Couture-Haws L, Harris M W, Lockhart A C, Birnbaum L S
Experimental Toxicology Branch, National Institute of Environmental Health Sciences, Research Triangle Park, North Carolina 27709.
Toxicol Appl Pharmacol. 1991 Mar 1;107(3):402-12. doi: 10.1016/0041-008x(91)90304-w.

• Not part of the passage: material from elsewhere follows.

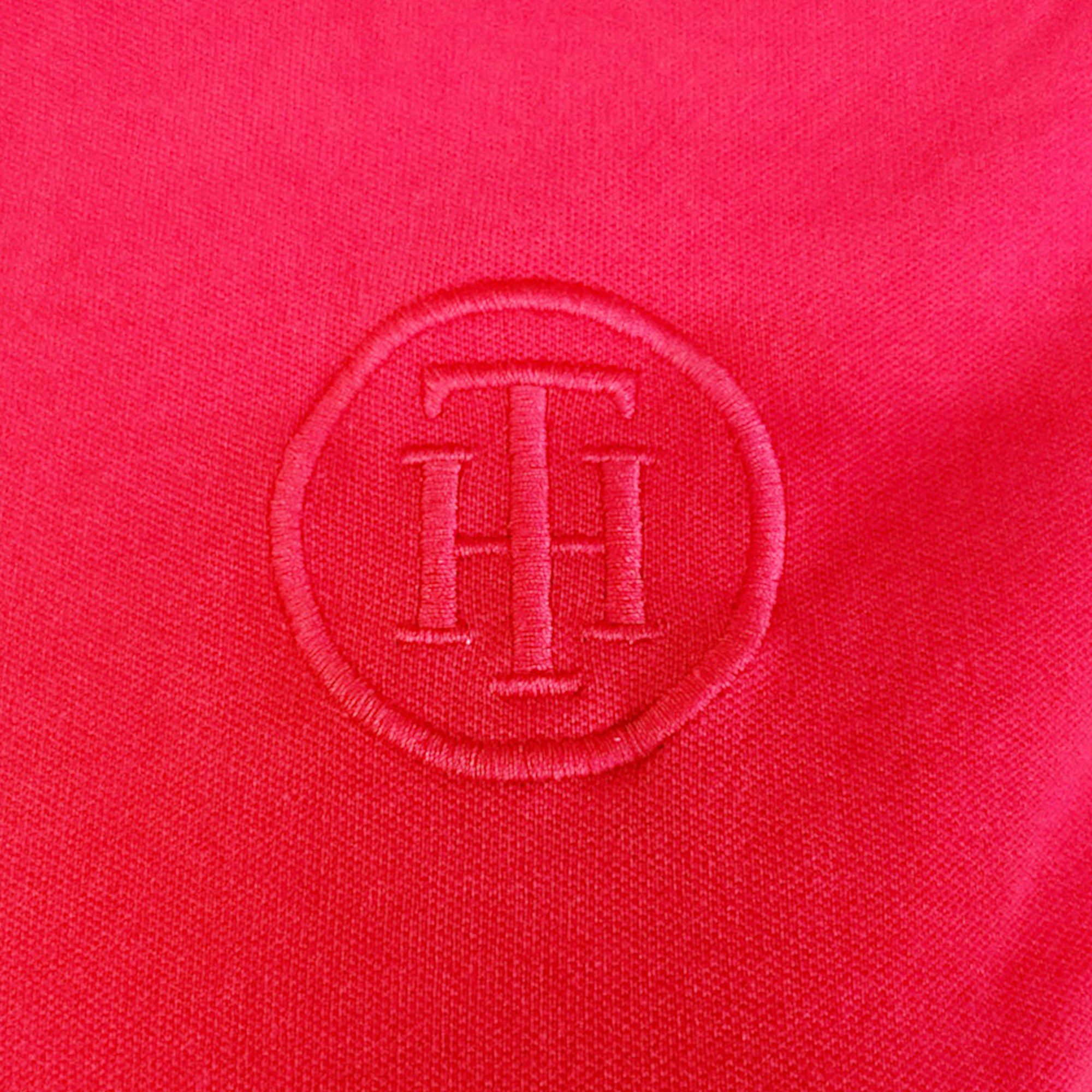 This pre-owned Tommy Hilfiger Women’s Red T-shirt is a size medium. It features a solid red color with a matching red embroidered TH logo on the left breast. This classic crew-neck shirt remains in good condition, showing light wear.

2,3,7,8-Tetrachlorodibenzo-p-dioxin (TCDD) is an extremely potent teratogen in mice, inducing structural malformations in the kidney and secondary palate. Maternal depots of TCDD, stored primarily in adipose tissue, are mobilized during the nursing period. Thus, lactation serves as a significant route of exposure for the developing neonate. The objective of this present investigation was to assess whether hydronephrosis persisted postnatally, as well as to determine if the renal lesion could be induced lactationally. Pregnant C57BL/6N mice were treated once by gavage with 0, 3, or 12 micrograms TCDD/kg body wt on Gestation Day (GD) 6. All dams were allowed to litter, and each litter was standardized at random to a size of six pups. Standardized litters were then reciprocally cross-fostered on the day of birth. Postnatal Day (PND) 0, resulting in the establishment of four experimental groups: pups not exposed by either route, pups exposed only in utero, pups exposed only lactationally, and pups exposed by both routes. Pups were euthanized at one of two time points, either at weaning (PND 25) or at puberty (PND 67). TCDD was not overtly toxic to the dams or neonates with the dosing regime used in this study. Hydronephrotic incidence and severity, while greatest for pups receiving dual exposure, were essentially the same for pups exposed in utero only vs lactationally only. Lactational exposure induced hydronephrosis (HN), as well as exacerbated the severity of existing HN which was induced in utero. Regardless of the exposure group, the severity of the renal lesion was always greater in the right kidney than in the left. There were no sex-related differences in either the incidence or the severity of HN, nor was there any difference in response between PNDs 25 and 67. These data suggest that the renal lesion persists from weaning through puberty, despite the cessation of exposure. However, the data indicate that partial recovery from HN induced in utero occurs during the early postnatal period, as both hydronephrotic incidence and severity decreased with increasing age between GD 18 and PND 25. Recovery was most pronounced in the left kidney regardless of dose, thus suggesting that the ability to recover may in part be dependent upon the extent of renal damage.
2,3,7,8-四氯二苯并对二恶英(TCDD)是一种对小鼠极具致畸性的物质,可导致肾脏和继发腭出现结构畸形。TCDD在母体中的储存库主要存在于脂肪组织中,在哺乳期会被调动起来。因此,哺乳是发育中的新生儿的一个重要暴露途径。本研究的目的是评估肾盂积水在出生后是否持续存在,以及确定肾脏病变是否可通过哺乳诱导产生。在妊娠第6天(GD6),对怀孕的C57BL/6N小鼠通过灌胃一次性给予0、3或12微克TCDD/千克体重。所有母鼠均正常产仔,每窝随机标准化为6只幼崽。标准化后的幼崽在出生当天进行相互交叉寄养。出生后第0天(PND0),由此建立了四个实验组:未通过任何一种途径暴露的幼崽、仅在子宫内暴露的幼崽、仅在哺乳期暴露的幼崽以及通过两种途径暴露的幼崽。幼崽在两个时间点之一被安乐死,即在断奶时(PND25)或青春期时(PND67)。本研究中使用的给药方案对母鼠或新生儿没有明显毒性。肾盂积水的发生率和严重程度,虽然对于接受双重暴露的幼崽最高,但仅在子宫内暴露的幼崽与仅在哺乳期暴露的幼崽基本相同。哺乳期暴露会诱发肾盂积水(HN),并加重子宫内诱发的现有HN的严重程度。无论暴露组如何,右肾的肾脏病变严重程度总是高于左肾。HN的发生率或严重程度均无性别差异,在PND25和PND67之间的反应也没有差异。这些数据表明,尽管暴露停止,但肾脏病变从断奶持续到青春期。然而,数据表明,子宫内诱发的HN在出生后早期会出现部分恢复,因为在GD18至PND25之间,肾盂积水的发生率和严重程度均随着年龄增长而降低。无论剂量如何,左肾的恢复最为明显,因此表明恢复能力可能部分取决于肾脏损伤的程度。